The United Nations is organizing a series of events to increase concern about water issues. U-N officials have declared two-thousand-three the International Year of Fresh Water. A goal of the campaign is to build support for policies to use water more wisely. Another goal is to get more people to use water in ways that will not hurt the environment.

The world population is more than six-thousand-million people. More than one-thousand-million lack safe drinking water. More than two-thousand-million suffer from diseases linked to dirty water. And, more than two-thousand-million live without waste-treatment systems.

Water was one of the issues discussed at the U-N Millennium Summit two years ago. Leaders said they would work to cut the number of people without safe drinking water in half by two-thousand-fifteen. Officials renewed that goal last year at the Summit on Sustainable Development, in Johannesburg, South Africa. They also promised to cut in half the number of people without safe systems to treat waste by two-thousand-fifteen.
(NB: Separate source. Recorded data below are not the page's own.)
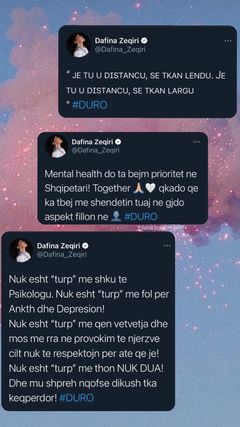 “Nuk është ‘trup’ me shku te psikologu. Nuk është ‘turp’ me fol për ankth e depresion! Nuk është ‘turp’ me qenë vetvetja dhe mos me ra në provokim të njerëzve të cilët nuk të respektojnë për atë që je! Nuk është ‘turp’ me thonë NUK DUA! Dhe m`u shpreh në qoftë se dikush t’ka keqpërdor”, shkruan ndër të tjera Dafina. /abcnews.al
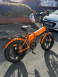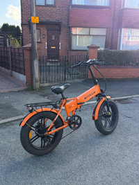 Used ENGWE EP-2 Pro Folding Electric Bike - Orange - 20" Fat Tyre Selling my Engwe EP-2 Pro folding electric bike in bright orange. This e-bike is powerful, comfortable, and versatile—perfect for commuting, weekend rides, or delivery work. The 20" fat tyres provide excellent stability and grip on city roads, gravel, and light oft-road paths. Its foldable frame makes storage or transportation easy, whether in a car boot or compact space. Smooth riding and strong performance make it ideal for anyone seeking a reliable electric bike. Main Features: • Powerful electric motor Removable lithium battery • 20" fat tyres for stability and comfort • Shimano gear system Folding frame design Front suspension for a smoother ride • Rear rack for carrying bags or deliveries Extras Included: • 2 bike locks • 1 helmet • Original charger • Tool kit including wrench and accessories The bike is in good condition and ready to ride. Perfect for commuting, food delivery, or daily use. Collection preferred. Message if interestedUpgrades:
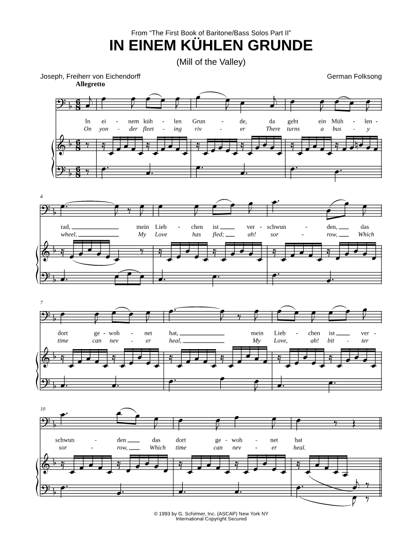 In einem kuhlen Grunde, da geht ein Muhlenrad, mein Liebchen ist verschwunden, |
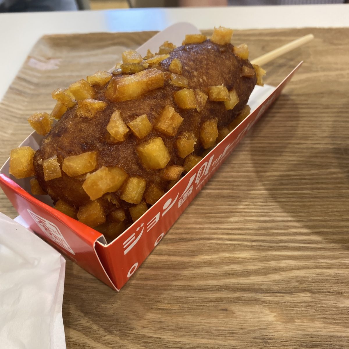 私ハットグって食べたことないんですが、この衣についたドドリアさんの皮膚みたいなぶつぶつ、これポテトなんですね

Nitin Desai directs the U-N Office for Economic and Social Affairs. He says success in these goals will require major changes in the ways people use water. He says water reforms have to be linked to changes in policies for land use, human settlement, agriculture, industry and energy.

Next month, the World Water Forum will meet in Kyoto, Japan. Officials plan to release the first U-N report on world water development. This report will examine the world’s water problems. And it will offer suggestions on ways to meet future water demands. Experts say international reaction to the U-N report will be an important test of the political desire to solve the water crisis.

There is a U-N Web site on water issues: w-w-w dot wateryear-two-thousand-three-dot o-r-g (www.wateryear2003.org).